Инерция звукового мышления сказалась у Блока и в том, что он во время творчества часто мыслил чужими стихами, не отделяя чужих от своих, чувствуя чужие — своими, при чем воспроизводил не столько слова, сколько интонации и звуки. Звуковая впечатлительность его была такова, что он запоминал чужие стихи главным образом как некий музыкальный мотив, ощущал в них раньше всего — мелодию. У Пушкина, например, есть строка:
Черты волшебницы прекрасной.
Блок бессознательно воспроизводил ее так:
Черты француженки прелестной,
даже не замечая, что это чужое. У Пушкина сказано:
Корме родного корабля.
У Блока:
Мечту родного корабля.
У Пушкина:
Я долго плакал пред тобой.
У Блока:
Я буду плакать о тебе.
У Пушкина:
Мария, бедная Мария.
У Блока:
Мария, нежная Мария.
и т. д., и т. д. Его стихи полны таких звуковых реминисценций. Тут и развенчанная тень, и путник запоздалый, и проч. Звуковые волны, которым он любил предаваться, несли его куда хотели — часто по чужому руслу. Порою он замечал, что воспроизводит чужое, и указывал в особом примечании, что такие-то сочетания слов принадлежат не ему, а Полонскому, Островскому, Влад. Соловьеву, что его строка:
Молчите, проклятые книги,
есть повторение майковской:
Молчите, проклятые струны!
что его строка:
Те баснословные года
есть повторение тютчевской:
В те баснословные года.
Но в большинстве случаев это происходило у него бессознательно, и когда, например, он писал:
Сомнительно молчали стекла…
он не заметил, что повторяет тютчевское:
Молчит сомнительно восток.
Эта пассивность звукового мышления сослужила ему, как мы ниже увидим, немалую службу в его позднейшей поэме «Двенадцать», где даны великолепные звуковые пародии на старинные романсы, частушки и народные песни. Он вообще усваивал чужое, как женщина: не только чужие звуки, но и чужой душевный тон, чужую манеру, чужие слова.
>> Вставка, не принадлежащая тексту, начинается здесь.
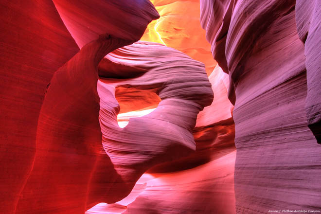 Ono je što posebno zadivljujuće je da se izgled unutrašnjosti kanjona i prelijevanje boja stalno mijenja zavisno od položaja sunca na nebu.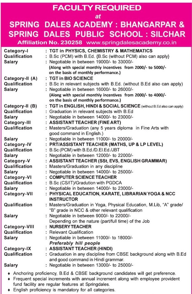 This is a chance for teachers. Spring Dales Academy is hiring teachers for subjects like Physics, Math, Bio-Science and Arts. They pay salaries and give bonuses for good work. They also provide school transport from Silchar to Bhangarpar. This is a help for people from Silchar.
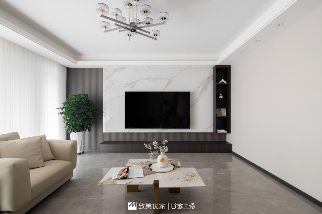 电视背景墙以简洁的黑白灰为主,结合岩板材料与开放格设计了视觉造型,下方落地的电视柜方便收纳遥控器、路由器等复杂线路的同时也可以摆放书籍和艺术饰品。
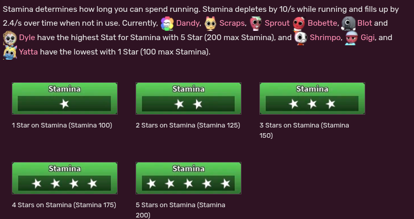 - Dandy and Dyle don't have 3 Stars on a Stat, but both are developer-exclusive and therefore shouldn't need 3 Stars in a Stat, as it would hinder them.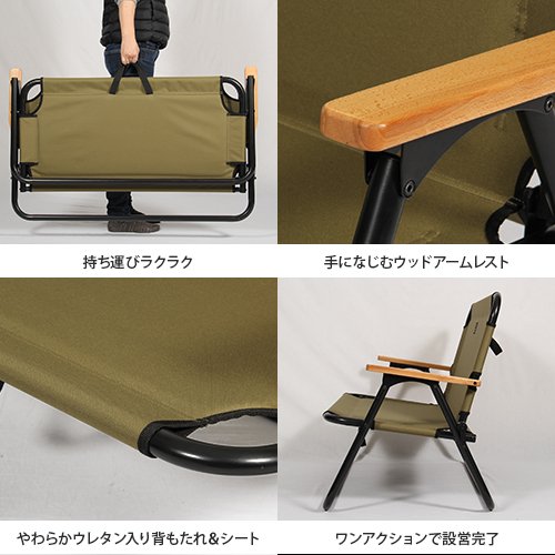 竹の集成材を使用した肘掛と落ち着いたフォルムが魅力の、高級感と自然素材が融合したモダンな佇まいの製品です。快適な座り心地が魅力で、背もたれが長いのでゆったりと座れます。座り心地はトップクラスで、キャンプ以外にもご自宅のテラスなどでも使用する方もいます。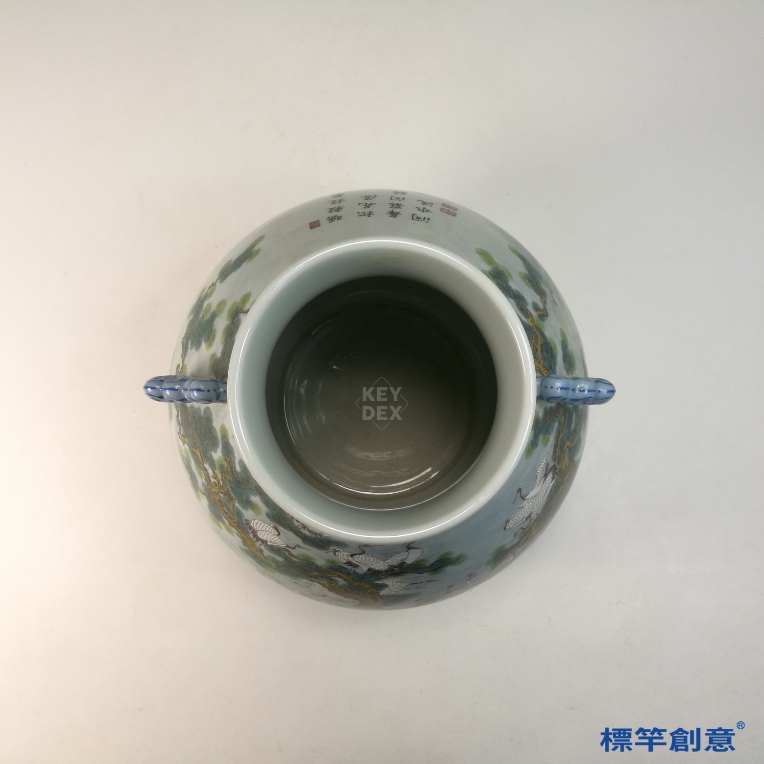 IA089 清代光緒景德鎮官窯粉彩松鶴延年雍正款雙耳尊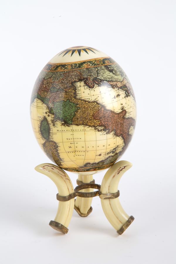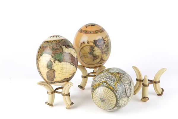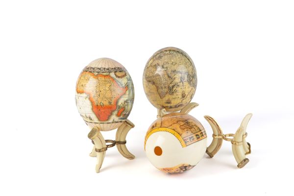 Sei uova di struzzo raffiguranti "EMISFERI". Basi in osso e bronzo dorato. XX secolo.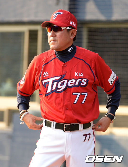 26일 오후 서울 잠실야구장에서 열린 '2015 타이어뱅크 KBO리그' 두산 베어스와 KIA 타이거즈의 경기, 9회말 KIA 김기태 감독이 그라운드로 나와 수비 위치 사인을 내고 있다.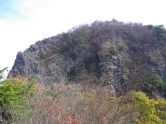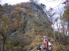 水場から少し上がると薄暗い杉林を抜けて、明るい雑木林の斜面を登る。頭上には木の間越しに一ノ岳の岩峰が仰がれる。小さな岩場を登って、二ノ岳とのコルに着いた。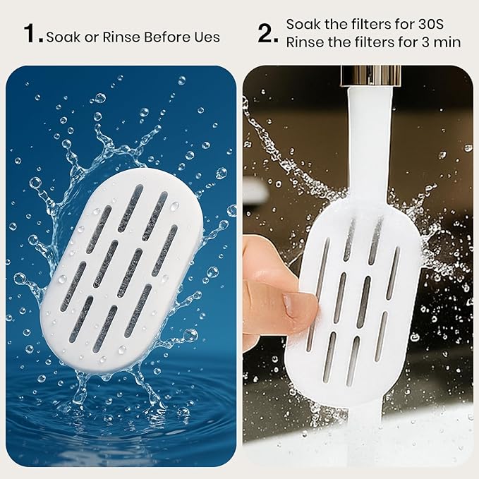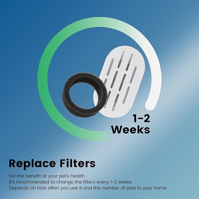 - Recommendations For Use - To prevent activated carbon dust (which will not harm your pet), soak the carbon filter in a separate bowl for 5 minutes and rinse for 30 seconds before using. Depending on how often your pet drinks and how many pets use the fountain, please change the carbon filter and sponge filter every 1-2 weeks and clean the cat fountain pump.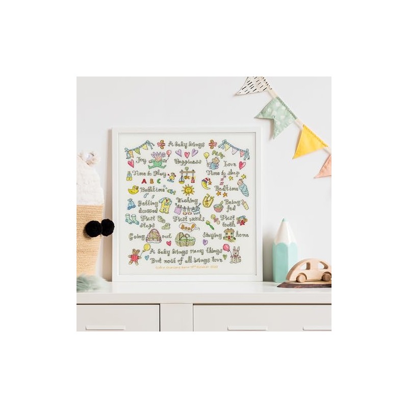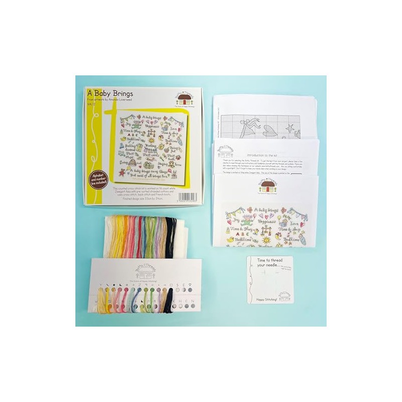 - The kit also includes a needle, an alpahbet and number line for personalising the design, and a clear stitch diagram and instructions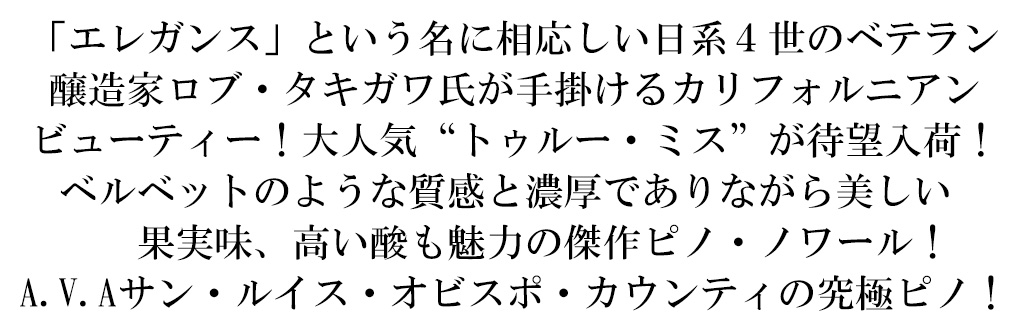滑らかな質感と美しい果実味、高い酸も魅力の傑作ピノ・ノワール!日系4世の匠ロブ・タキガワ氏渾身の究極ピノ・ノワールが限定で少量入荷!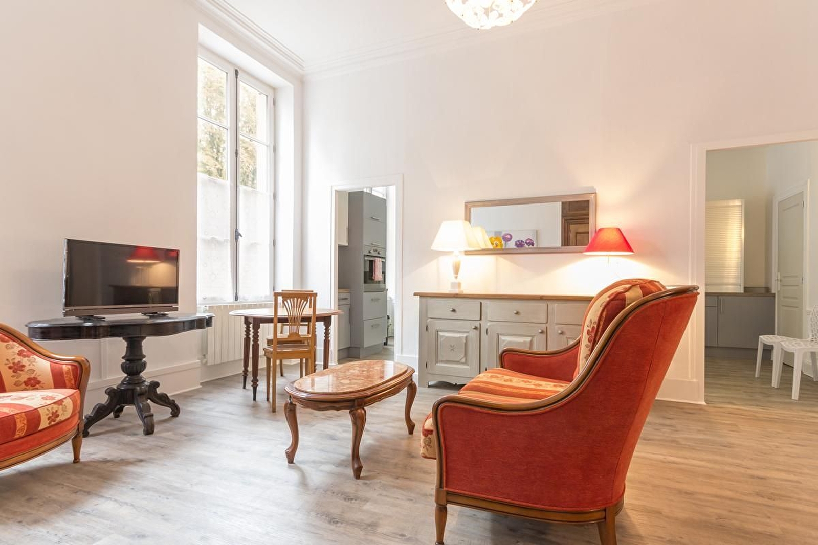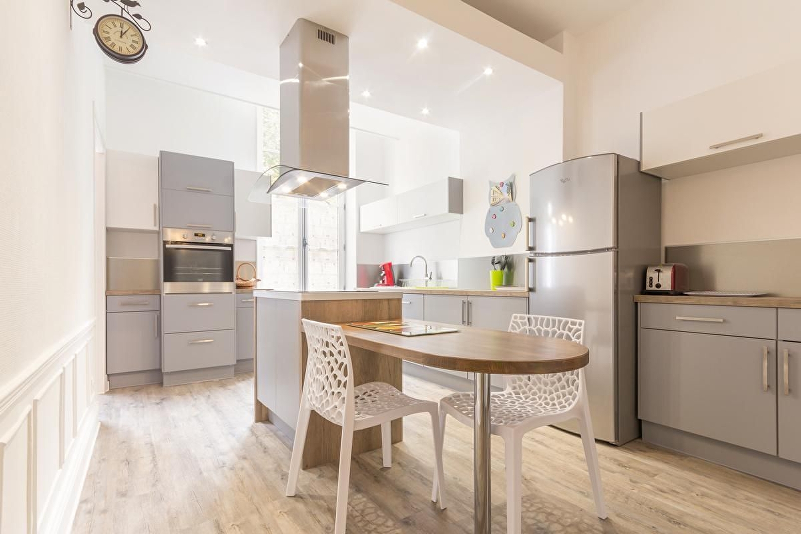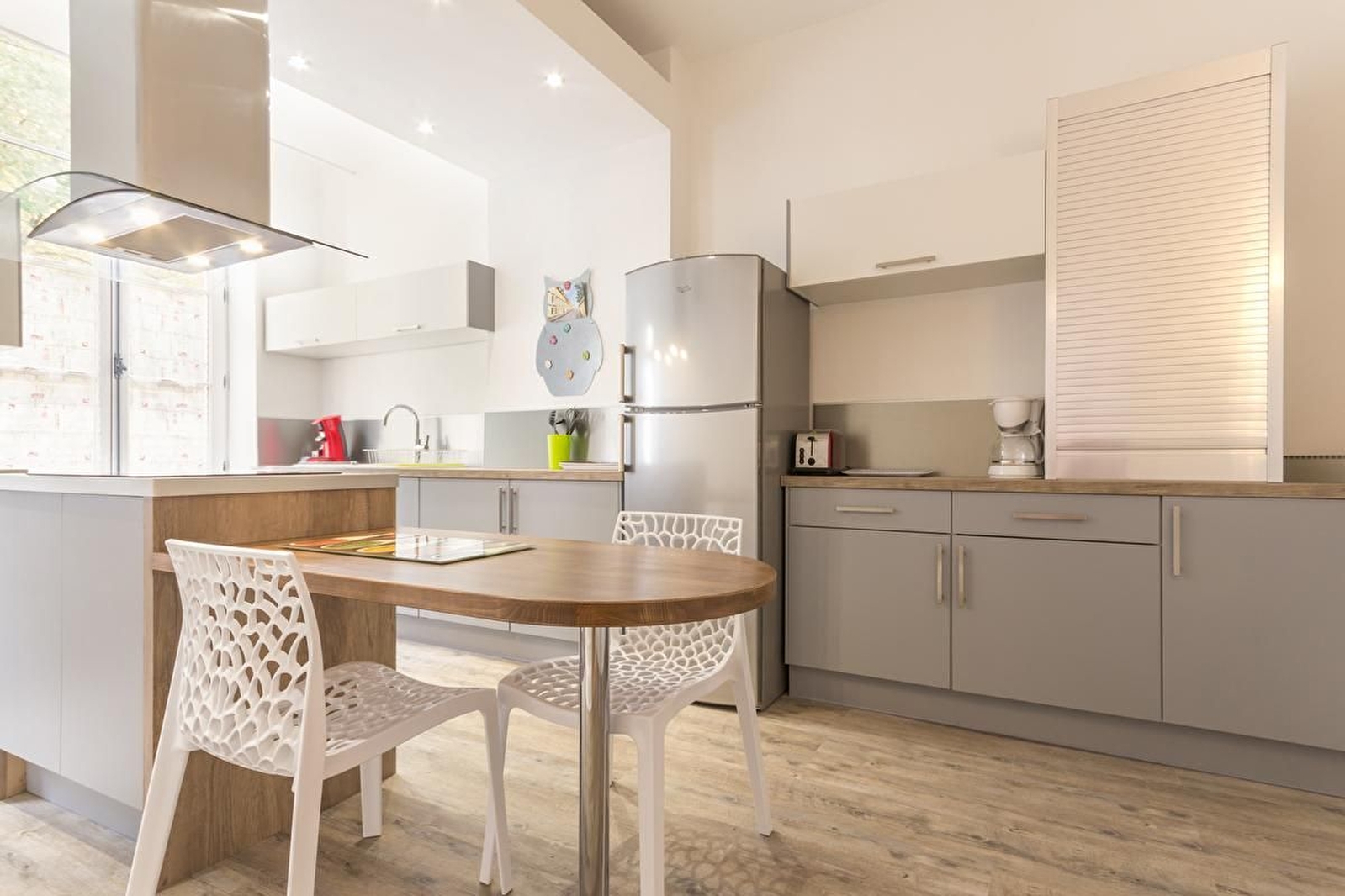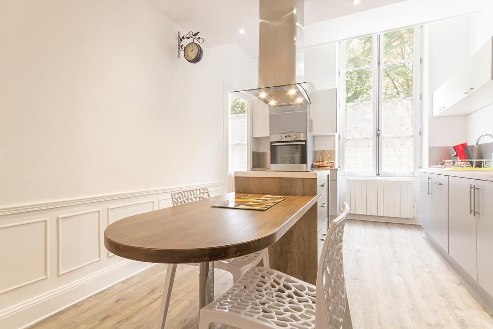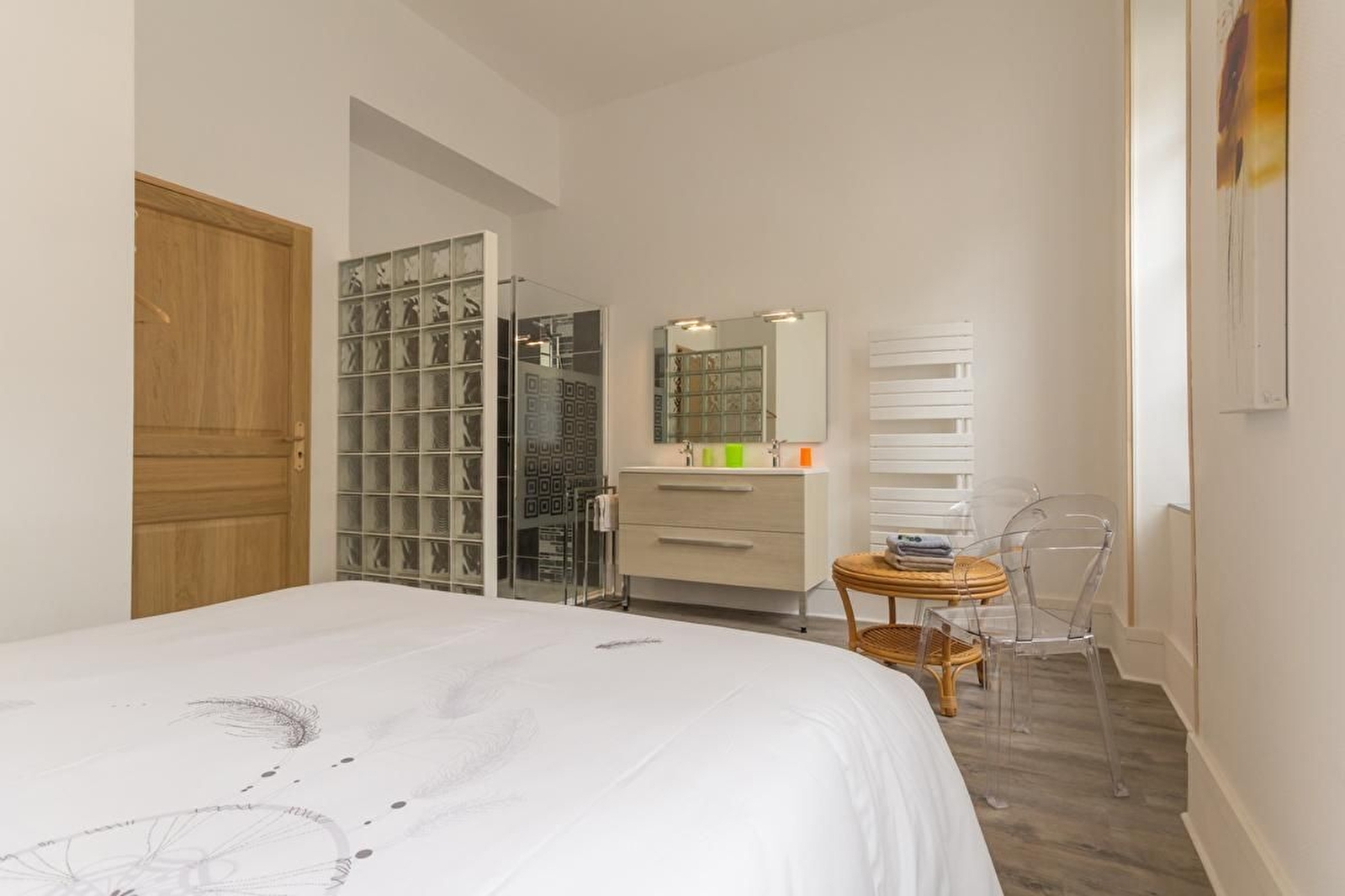 Dans le centre-ville de Nevers, venez séjourner dans un appartement entièrement rénové en rez-de-chaussée d'un immeuble ancien, calme, donnant sur une rue à sens unique en façade et sur une cour à l'arrière. L'appartement comprend 1 cuisine spacieuse équipée et intégrée 1 salon avec télé écran plat, et un bureau 1 chambre avec 1 lit 160x200 et une salle d'eau ouverte sur la chambre avec double vasque et douche à l'italienne grande dimension 1 wc séparé. Possibilité lit bébé et chaise haute à la demande. Linge de toilette fourni , les lits sont faits à l'arrivée et draps fournis. Accès au lave-linge et sèche linge sous conditions. Egalement, 1 place privative dans parking souterrain au bout de la rue.

В его пьесе «Незнакомка» один сидящий в кабаке российский пропойца именуется Гауптманом, а другой Верденом; оба они несомненные родственники того Фридриха Ницше, который в «Симфонии» Белого сидел на козлах в качестве московского кучера:
— Ницше тронул поводья…
— Гауптман сказал: шлюха она, ну и пусть шляется!
— Верлен сказал: каждому свое беспокойство.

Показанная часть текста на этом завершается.